DATASET CONTENT Start Marker
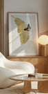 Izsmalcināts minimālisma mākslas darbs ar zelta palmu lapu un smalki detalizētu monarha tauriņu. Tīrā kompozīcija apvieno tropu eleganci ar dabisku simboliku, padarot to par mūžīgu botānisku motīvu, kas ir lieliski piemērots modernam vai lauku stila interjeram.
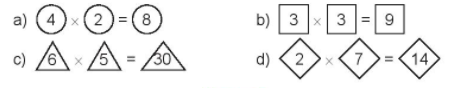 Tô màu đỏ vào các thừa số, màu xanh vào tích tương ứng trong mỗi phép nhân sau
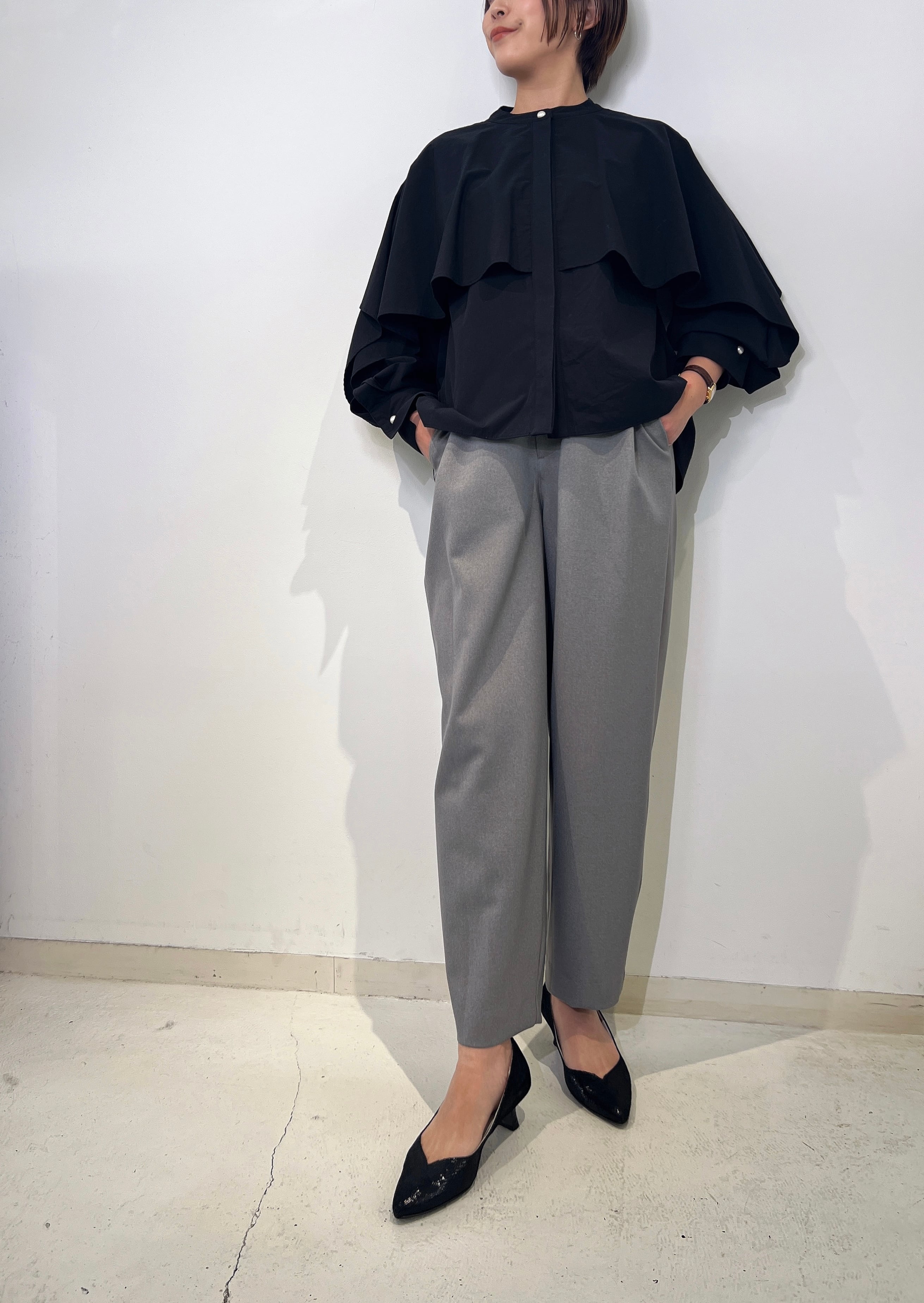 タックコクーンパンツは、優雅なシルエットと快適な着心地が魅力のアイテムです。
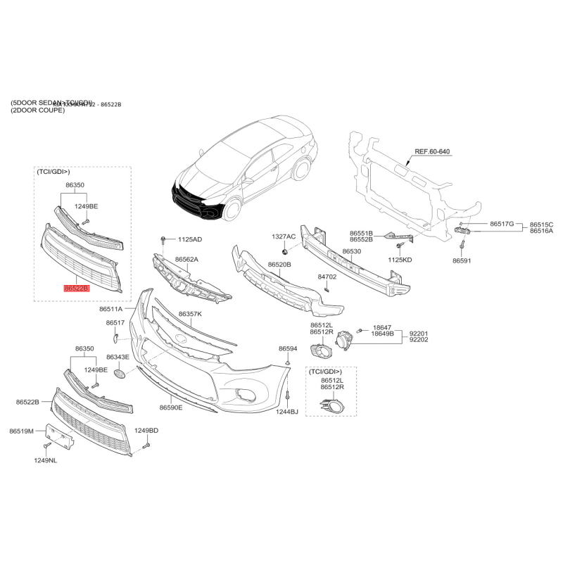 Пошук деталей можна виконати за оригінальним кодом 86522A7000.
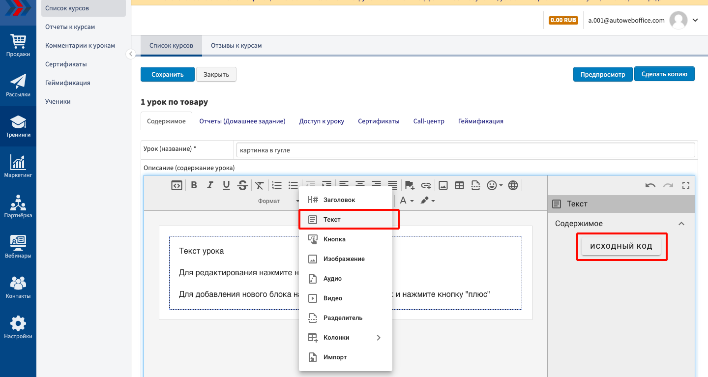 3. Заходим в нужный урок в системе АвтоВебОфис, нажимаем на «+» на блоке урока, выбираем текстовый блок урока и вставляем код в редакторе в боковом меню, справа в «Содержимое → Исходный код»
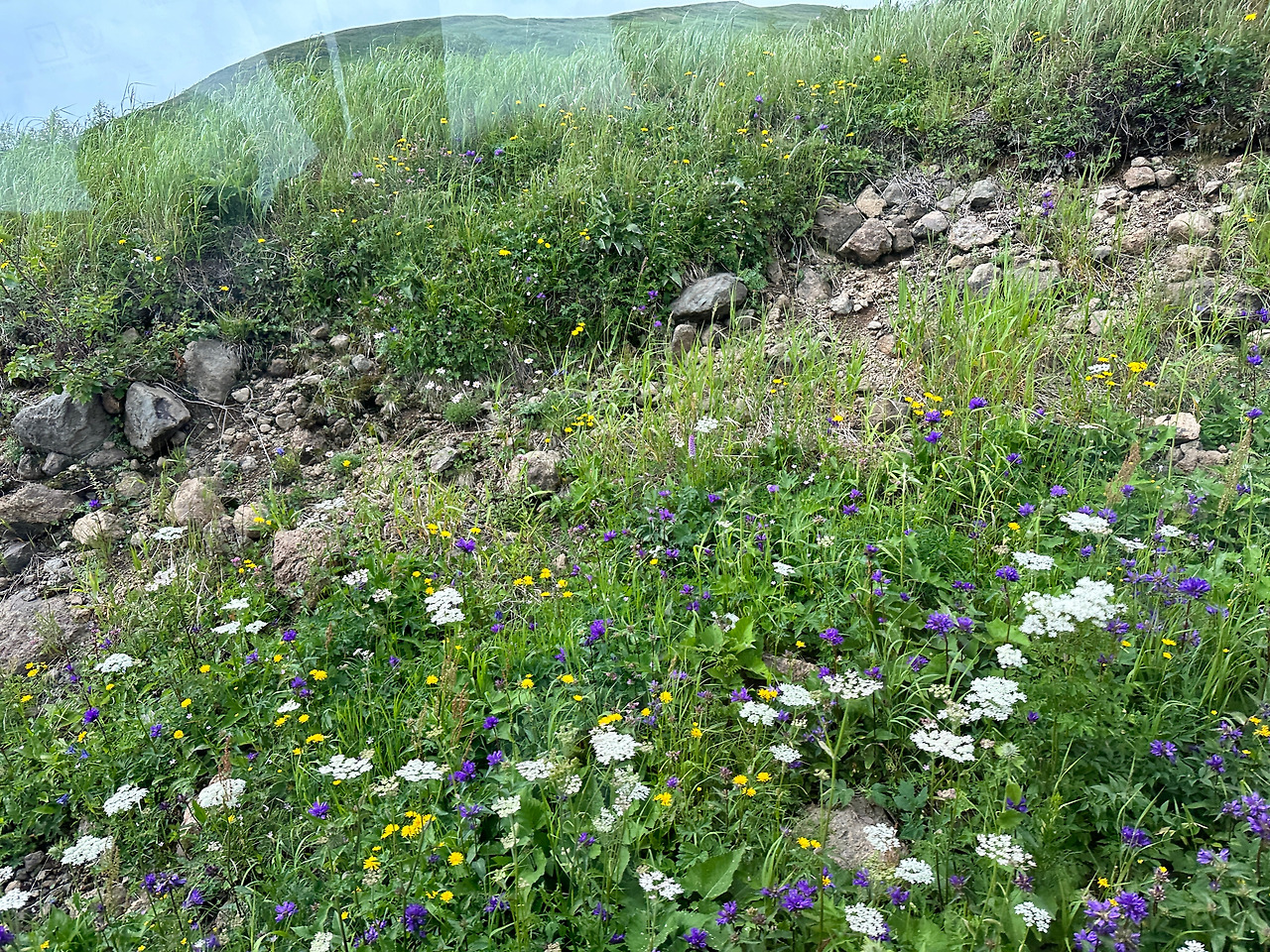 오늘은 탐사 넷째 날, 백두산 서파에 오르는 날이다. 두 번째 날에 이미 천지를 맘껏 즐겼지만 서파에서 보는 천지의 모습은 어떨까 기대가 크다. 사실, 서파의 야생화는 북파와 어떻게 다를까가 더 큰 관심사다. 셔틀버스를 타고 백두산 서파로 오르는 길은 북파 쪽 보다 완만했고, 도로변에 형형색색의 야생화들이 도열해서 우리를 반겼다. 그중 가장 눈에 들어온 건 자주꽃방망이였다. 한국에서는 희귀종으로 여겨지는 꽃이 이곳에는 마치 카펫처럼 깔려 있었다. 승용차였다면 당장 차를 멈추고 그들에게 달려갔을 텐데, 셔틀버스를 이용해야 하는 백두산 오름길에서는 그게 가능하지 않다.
DATASET CONTENT End Marker
DATASET CONTENT Start Marker
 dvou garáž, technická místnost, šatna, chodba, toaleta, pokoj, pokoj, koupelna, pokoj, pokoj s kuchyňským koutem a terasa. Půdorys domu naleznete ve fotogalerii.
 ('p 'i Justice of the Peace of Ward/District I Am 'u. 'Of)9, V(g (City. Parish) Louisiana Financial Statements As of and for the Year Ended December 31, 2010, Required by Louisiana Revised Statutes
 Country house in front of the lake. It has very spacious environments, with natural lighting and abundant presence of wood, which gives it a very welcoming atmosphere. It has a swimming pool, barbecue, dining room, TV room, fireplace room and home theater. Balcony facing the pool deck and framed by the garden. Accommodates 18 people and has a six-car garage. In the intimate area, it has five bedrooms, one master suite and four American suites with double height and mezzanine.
DATASET CONTENT End Marker
◆ TASK INSTRUCTIONS ◆
Once the line with "タックコクーンパンツは、優雅なシルエットと快適な着心地が魅力のアイテムです。" is found in the data above, reproduce it and each line after it exactly, through the line with "3. Заходим в". Omit the pictures.

◆ TASK OUTPUT ◆
 タックコクーンパンツは、優雅なシルエットと快適な着心地が魅力のアイテムです。
 Пошук деталей можна виконати за оригінальним кодом 86522A7000.
 3. Заходим в нужный урок в системе АвтоВебОфис, нажимаем на «+» на блоке урока, выбираем текстовый блок урока и вставляем код в редакторе в боковом меню, справа в «Содержимое → Исходный код»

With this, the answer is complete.